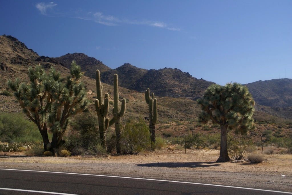 Danach geht es weiter und es wird immer heißer. Wir lassen uns die heiße Luft um die Ohren wehen und genießen den Wechsel der Landschaft in Wüste mit vielen Saguaro-Kakteen.
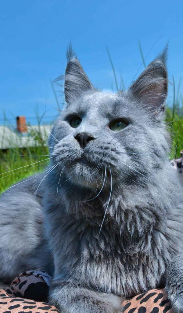 Wallpaper Grey young Maine Coon cat in nature
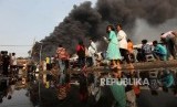 Sejumlah warga melintas disamping kebakaran gudang di Jalan Kampung Bandan, Pademangan, Jakarta, Kamis (5/7). (FOTO : Republika/Mahmud Muhyidin)
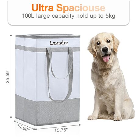 - Large Capacity: Each laundry basket holds up to 100 liters, making it ideal for handling large loads of laundry. No more frequent trips to the laundry room; our baskets can hold it all. Laundry hamper size: 15.75"L x 14.96"W x 25.59"H.

[PROBLEM STATEMENT] From the material above, output every line exactly as written, dropping any picture.

[SOLUTION TO THIS EXERCISE]
 Danach geht es weiter und es wird immer heißer. Wir lassen uns die heiße Luft um die Ohren wehen und genießen den Wechsel der Landschaft in Wüste mit vielen Saguaro-Kakteen.
 Wallpaper Grey young Maine Coon cat in nature
 Sejumlah warga melintas disamping kebakaran gudang di Jalan Kampung Bandan, Pademangan, Jakarta, Kamis (5/7). (FOTO : Republika/Mahmud Muhyidin)
 - Large Capacity: Each laundry basket holds up to 100 liters, making it ideal for handling large loads of laundry. No more frequent trips to the laundry room; our baskets can hold it all. Laundry hamper size: 15.75"L x 14.96"W x 25.59"H.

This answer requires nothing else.